**Instructions to follow**
In the material below, find the line containing "L'appel provient d'un" and the line containing "每个人都想过马路, 其中包含了来自Mickey &". Output those two lines and all lines between them exactly, without pictures.

**Input data**
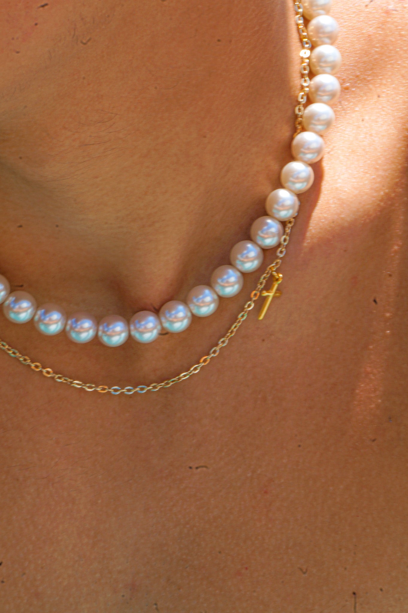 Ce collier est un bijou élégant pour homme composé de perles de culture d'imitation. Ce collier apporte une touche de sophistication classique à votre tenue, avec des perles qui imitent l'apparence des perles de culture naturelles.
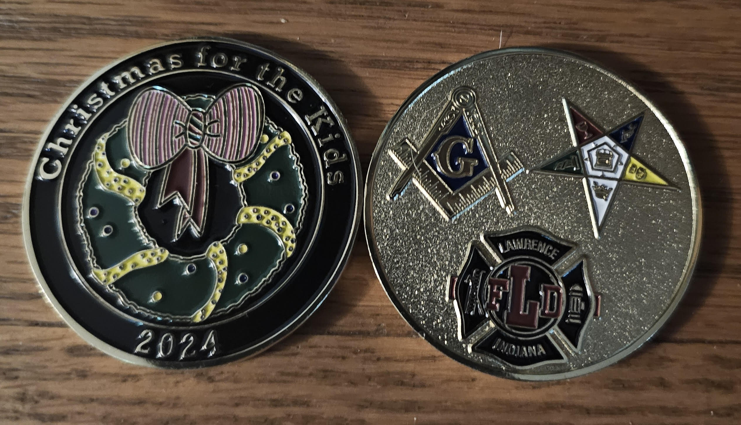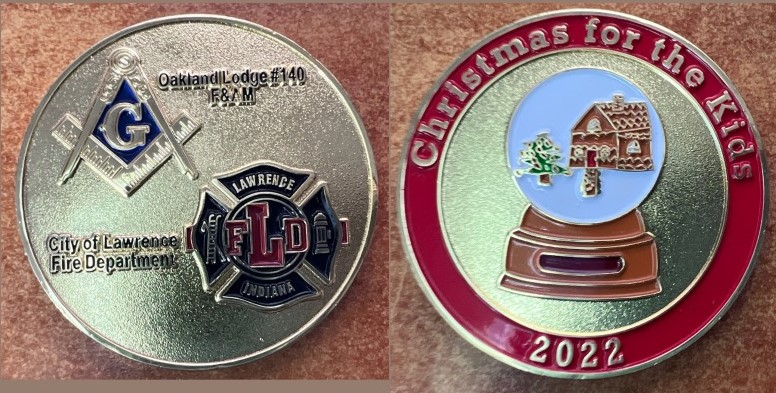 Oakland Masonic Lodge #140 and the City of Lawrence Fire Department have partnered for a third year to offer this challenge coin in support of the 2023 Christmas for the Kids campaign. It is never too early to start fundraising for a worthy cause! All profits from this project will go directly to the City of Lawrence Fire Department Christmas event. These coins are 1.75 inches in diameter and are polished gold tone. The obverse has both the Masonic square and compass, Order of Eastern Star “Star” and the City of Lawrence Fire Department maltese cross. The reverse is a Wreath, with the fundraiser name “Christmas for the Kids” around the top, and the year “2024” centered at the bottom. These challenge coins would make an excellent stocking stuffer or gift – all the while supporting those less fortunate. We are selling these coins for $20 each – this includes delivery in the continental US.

--

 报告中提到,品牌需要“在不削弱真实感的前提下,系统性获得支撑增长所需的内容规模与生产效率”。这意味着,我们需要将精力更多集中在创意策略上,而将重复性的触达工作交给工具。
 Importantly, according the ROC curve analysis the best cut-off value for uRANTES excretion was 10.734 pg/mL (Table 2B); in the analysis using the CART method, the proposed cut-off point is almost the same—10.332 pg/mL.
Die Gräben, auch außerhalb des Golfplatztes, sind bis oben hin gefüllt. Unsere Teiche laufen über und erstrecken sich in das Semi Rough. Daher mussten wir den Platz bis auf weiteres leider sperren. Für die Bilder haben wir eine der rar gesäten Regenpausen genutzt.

---

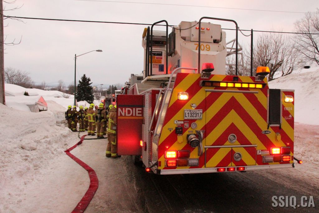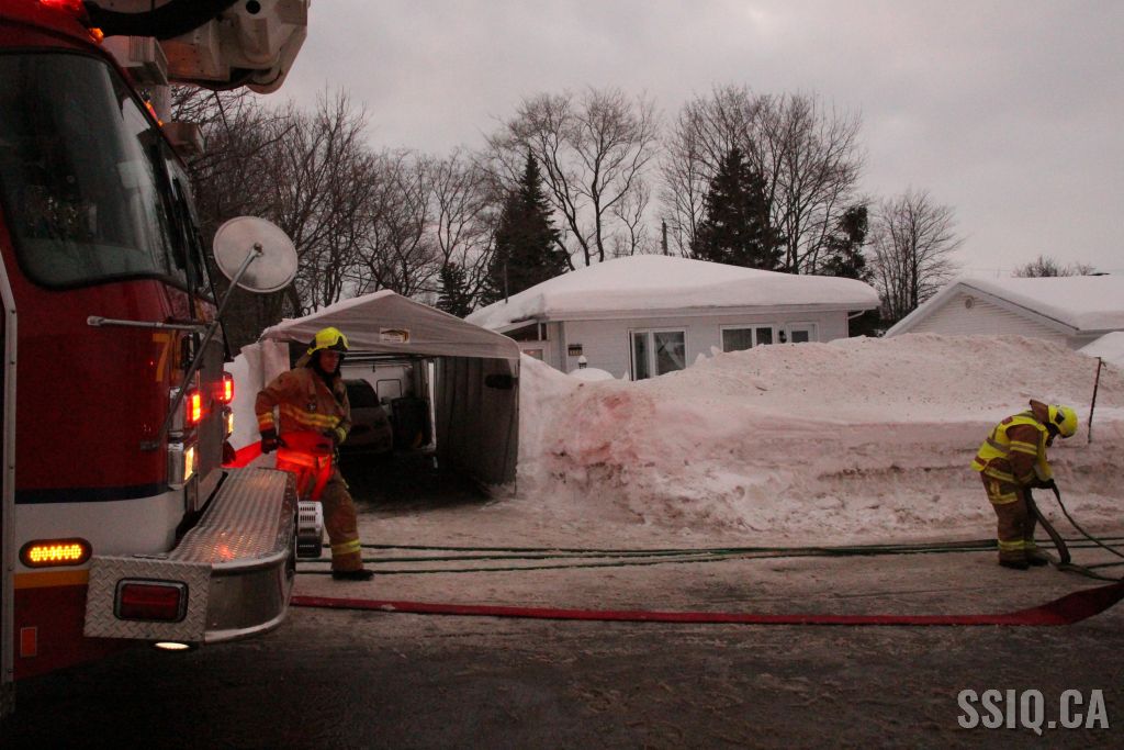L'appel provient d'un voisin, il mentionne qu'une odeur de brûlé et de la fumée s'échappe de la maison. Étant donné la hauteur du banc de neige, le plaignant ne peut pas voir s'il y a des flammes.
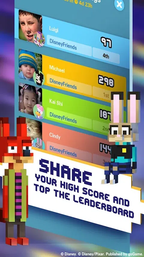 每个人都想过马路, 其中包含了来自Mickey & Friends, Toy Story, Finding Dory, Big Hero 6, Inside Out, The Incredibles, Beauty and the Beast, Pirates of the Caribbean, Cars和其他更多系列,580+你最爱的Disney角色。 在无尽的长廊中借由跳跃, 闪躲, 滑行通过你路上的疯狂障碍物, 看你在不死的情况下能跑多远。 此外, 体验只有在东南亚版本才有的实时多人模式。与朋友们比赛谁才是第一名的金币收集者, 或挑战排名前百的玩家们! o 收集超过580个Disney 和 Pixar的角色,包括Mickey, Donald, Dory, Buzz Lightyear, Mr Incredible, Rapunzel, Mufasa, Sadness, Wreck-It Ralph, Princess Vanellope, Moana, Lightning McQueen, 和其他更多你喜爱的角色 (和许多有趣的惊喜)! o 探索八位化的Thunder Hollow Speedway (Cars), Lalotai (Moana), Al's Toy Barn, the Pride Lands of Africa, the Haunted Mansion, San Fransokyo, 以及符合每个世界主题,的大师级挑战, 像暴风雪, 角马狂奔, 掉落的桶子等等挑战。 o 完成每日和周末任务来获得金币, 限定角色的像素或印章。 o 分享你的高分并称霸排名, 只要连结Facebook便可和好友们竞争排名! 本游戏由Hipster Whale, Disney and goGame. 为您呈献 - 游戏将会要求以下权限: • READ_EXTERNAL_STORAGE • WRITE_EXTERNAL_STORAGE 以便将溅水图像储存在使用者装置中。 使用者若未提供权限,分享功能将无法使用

**Output**
L'appel provient d'un voisin, il mentionne qu'une odeur de brûlé et de la fumée s'échappe de la maison. Étant donné la hauteur du banc de neige, le plaignant ne peut pas voir s'il y a des flammes.
 每个人都想过马路, 其中包含了来自Mickey & Friends, Toy Story, Finding Dory, Big Hero 6, Inside Out, The Incredibles, Beauty and the Beast, Pirates of the Caribbean, Cars和其他更多系列,580+你最爱的Disney角色。 在无尽的长廊中借由跳跃, 闪躲, 滑行通过你路上的疯狂障碍物, 看你在不死的情况下能跑多远。 此外, 体验只有在东南亚版本才有的实时多人模式。与朋友们比赛谁才是第一名的金币收集者, 或挑战排名前百的玩家们! o 收集超过580个Disney 和 Pixar的角色,包括Mickey, Donald, Dory, Buzz Lightyear, Mr Incredible, Rapunzel, Mufasa, Sadness, Wreck-It Ralph, Princess Vanellope, Moana, Lightning McQueen, 和其他更多你喜爱的角色 (和许多有趣的惊喜)! o 探索八位化的Thunder Hollow Speedway (Cars), Lalotai (Moana), Al's Toy Barn, the Pride Lands of Africa, the Haunted Mansion, San Fransokyo, 以及符合每个世界主题,的大师级挑战, 像暴风雪, 角马狂奔, 掉落的桶子等等挑战。 o 完成每日和周末任务来获得金币, 限定角色的像素或印章。 o 分享你的高分并称霸排名, 只要连结Facebook便可和好友们竞争排名! 本游戏由Hipster Whale, Disney and goGame. 为您呈献 - 游戏将会要求以下权限: • READ_EXTERNAL_STORAGE • WRITE_EXTERNAL_STORAGE 以便将溅水图像储存在使用者装置中。 使用者若未提供权限,分享功能将无法使用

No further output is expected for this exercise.